AMARILLO, TX - The Texas Voter ID Bill requiring citizens to present a valid photo ID at the polls is being debated in Washington this week.
The trial which began Monday morning will determine the fate of the law passed by the Texas Legislature in 2011.
The U.S. Justice Department argues the law is unconstitutional.
"I don't understand the big disagreement about it," state representative John Smithee said. "We show an ID everyday. I show mine to cash a check, use a credit card and get on an airplane. I don't understand why you wouldn't show an ID to go vote."
The state says the bill will help deter election fraud. The Justice Department isn't disputing that. Instead, the department says the bill is a violation of the Voting Rights Act because it would leave approximately 1.4 million registered voters in the darks, many of whom are immigrants and may not have a valid photo ID.
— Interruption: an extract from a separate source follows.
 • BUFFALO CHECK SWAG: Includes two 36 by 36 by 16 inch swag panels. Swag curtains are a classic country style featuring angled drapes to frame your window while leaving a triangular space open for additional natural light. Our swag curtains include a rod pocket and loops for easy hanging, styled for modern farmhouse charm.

"I don't see why that would be a problem," immigration counselor Al Muniz said. "If you are able to vote, you are a citizen. If you are a citizen, you have an ID and that way you don't have any problems."
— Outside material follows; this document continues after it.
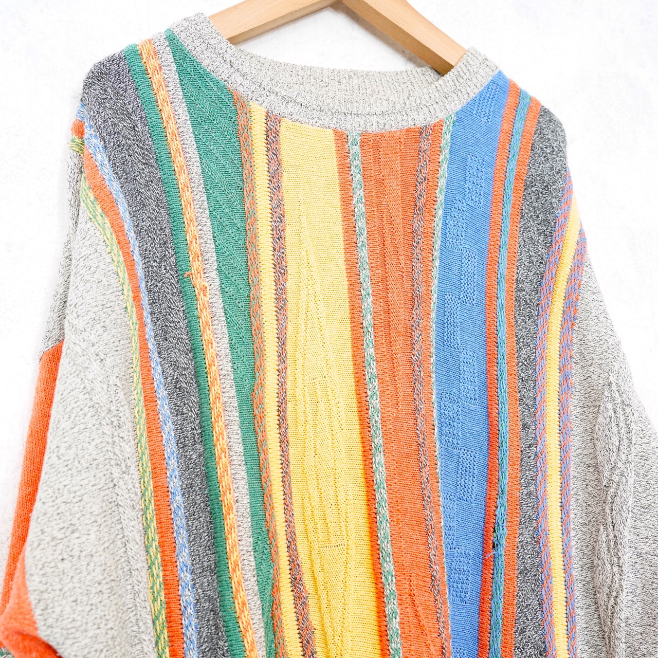 EU VINTAGE 3SUISSES COLORFUL STRIPE PATTERNED DESIGN COTTON 3D KNIT/ヨーロッパ古着カラフルストライプ柄コットン3Dニット

He says most immigrants have some form of photo ID, whether it be a drivers license or passport.
He too doesn't understand what all the controversy is about.
"You have to be a citizen in this country to vote," he said. "Just don't worry about anything else. Get whatever they need you to get and go vote."
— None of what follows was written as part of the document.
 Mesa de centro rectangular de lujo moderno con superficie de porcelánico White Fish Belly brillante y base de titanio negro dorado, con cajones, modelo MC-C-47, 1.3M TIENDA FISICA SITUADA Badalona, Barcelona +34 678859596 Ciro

The photo ID requirement is currently a standard for every resident living in Texas.
Muniz says showing an ID shouldn't be a problem.
"If you get discouraged because you don't show an ID, you will not make your voice valid later on and you will be the group complaining because they don't have what they want," he said. "Just go vote and make your presence in this country."
According to the Texas Attorney General's office in Austin, not a single case of voter ID fraud has been prosecuted here thus far.
The ruling on the Texas Voter Bill is expected to be made later this week.